Noa Nabeshima comments on Sparse MLP Distillation

Noa Nabeshima 15 Jan 2024 22:52 UTC
11 points
2
I’ve trained some sparse MLPs with 20K neurons on a 4L TinyStories model with ReLU activations and no layernorm and I took a look at them after reading this post. For varying integer $S$ , I applied an L1 penalty of $2^{S}$ on the average of the activations per token, which seems pretty close to doing an L1 of $2^{S} / 20, 000$ on the sum of the activations per token. Your L1 of $2 \times 10^{- 4}$ with 12K neurons is sort of like $S = 2$ in my setup. After reading your post, I checked out the cosine similarity between encoder/decoder of original mlp neurons and sparse mlp neurons for varying values of $S$ (make sure to scroll down once you click one of the links!):

S=3
https://plotly-figs.s3.amazonaws.com/sparse_mlp_L1_2exp3
S=4
https://plotly-figs.s3.amazonaws.com/sparse_mlp_L1_2exp4

S=5
https://plotly-figs.s3.amazonaws.com/sparse_mlp_L1_2exp5
S=6
https://plotly-figs.s3.amazonaws.com/sparse_mlp_L1_2exp6
I think the behavior you’re pointing at is clearly there at lower L1s on layers other than layer 0 (? what’s up with that?) and sort of decreases with higher L1 values, to the point that the behavior is there a bit at S=5 and almost not there at S=6. I think the non-dead sparse neurons are almost all interpretable at S=5 and S=6.
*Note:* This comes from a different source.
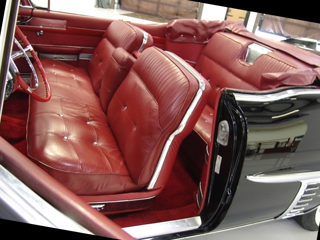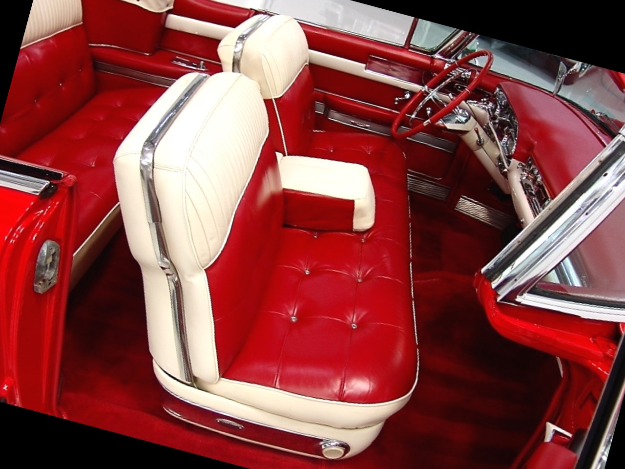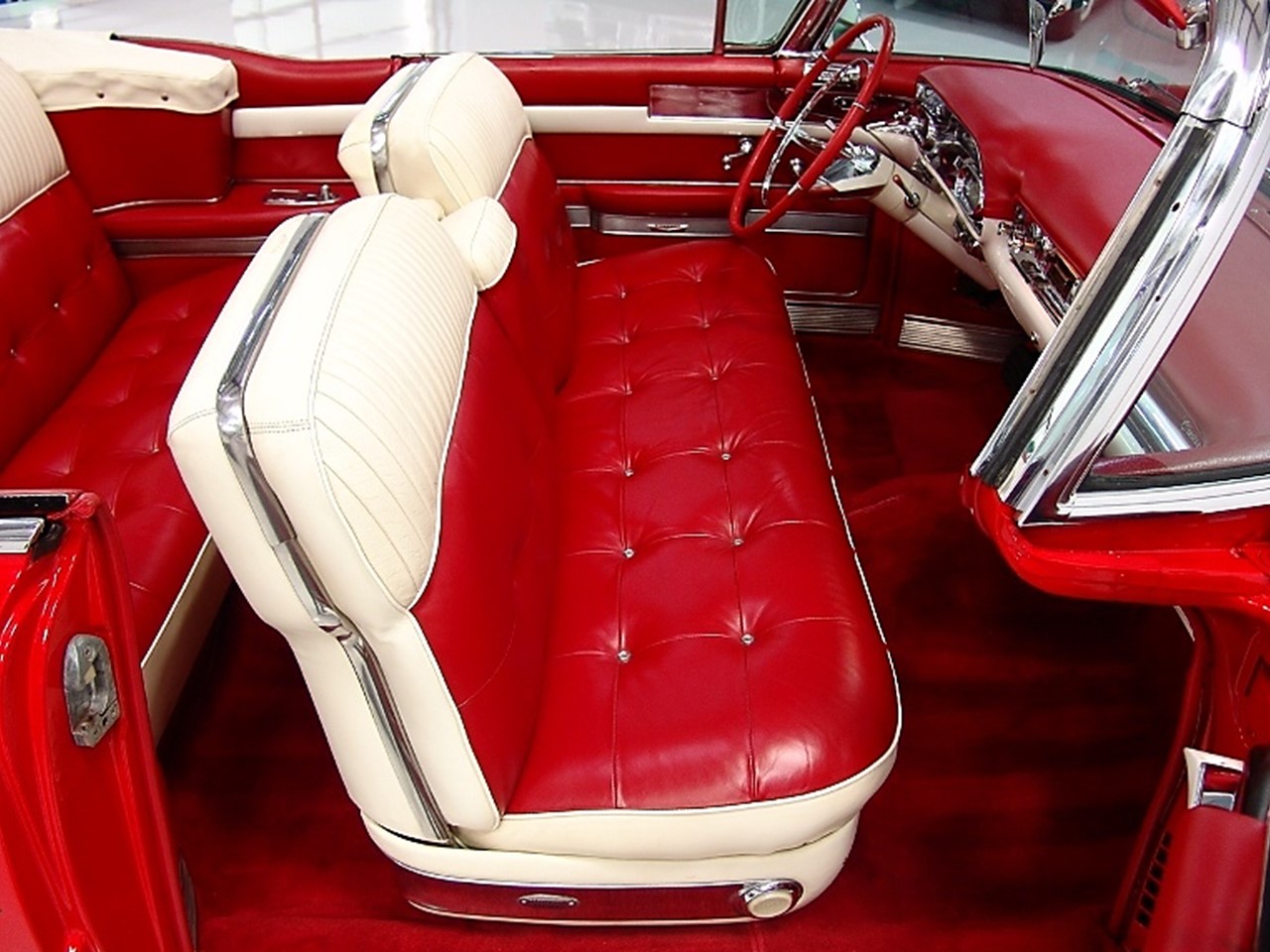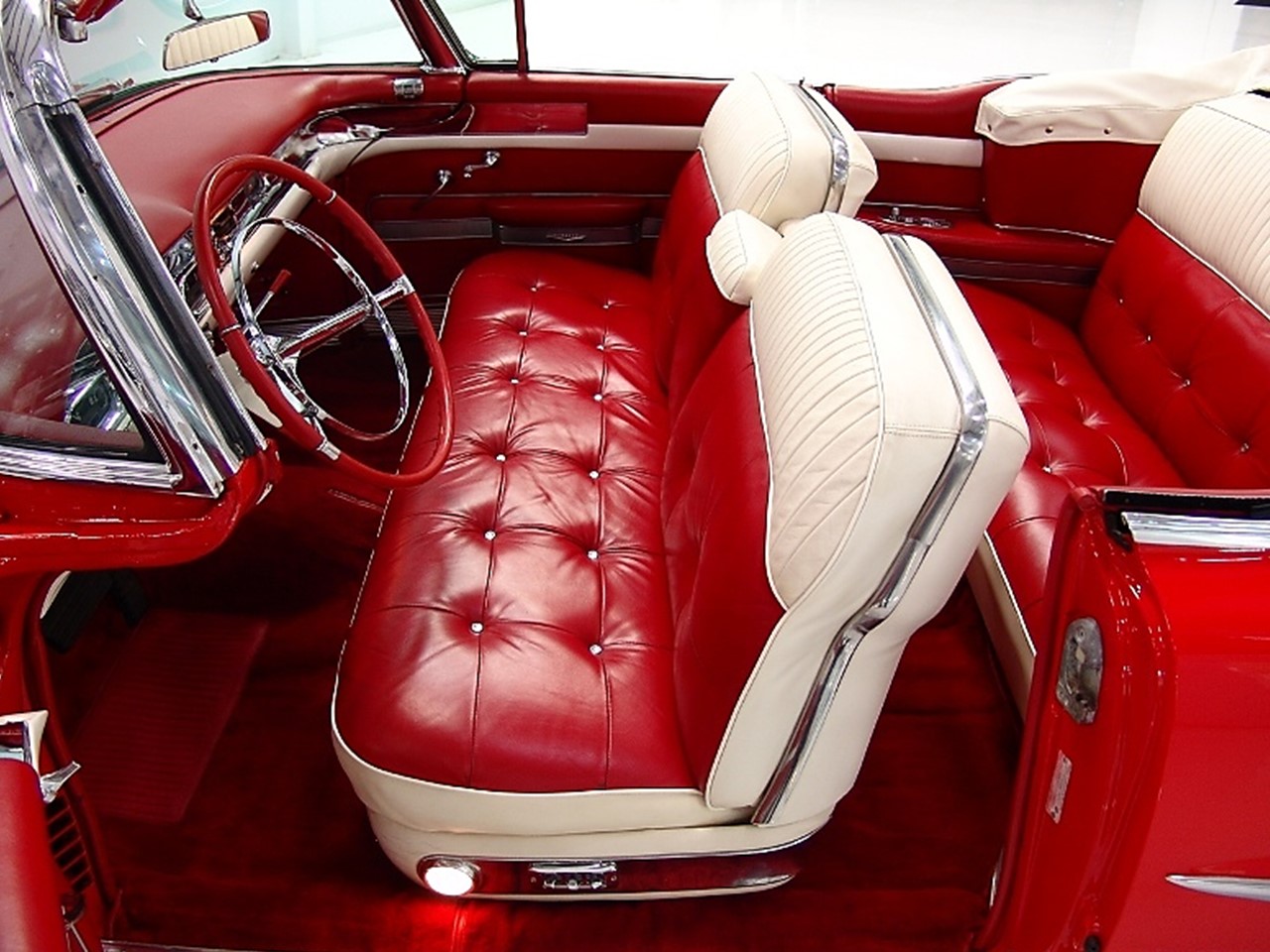 The 1957 Cadillac Series Sixty-two convertible came standard with a fully leather upholstered interior by Fleetwood. The seat backs and seat cushions had intricate hand button tufting in a ‘biscuit’ motif. The upper portion of the seat backs used a corded leather piping in a contrasting color.

Original val loss of model: 1.128 ~= 1.13.
Zero ablation of MLP loss values per layer: [3.72, 1.84, 1.56, 2.07].

S=6 loss recovered per layer

Layer 0: 1-(1.24-1.13)/(3.72-1.13): 96% of loss recovered
Layer 1: 1-(1.18-1.13)/(1.84-1.13): 93% of loss recovered
Layer 2: 1-(1.21-1.13)/(1.56-1.13): 81% of loss recovered
Layer 3: 1-(1.26-1.13)/(2.07-1.13): 86% of loss recovered

Compare to 79% of loss-recovered from Anthropic’s A/1 autoencoder with 4K features and a pretty different setup.

(Also, I was going to focus on S=5 MLPs for layers 1 and 2, but now I think I might instead stick with S=6. This is a little tricky because I wouldn’t be surprised if tiny-stories MLP neurons are interpretable at higher rates than other models.)

Basically I think sparse MLPs aren’t a dead end and that you probably just want a higher L1.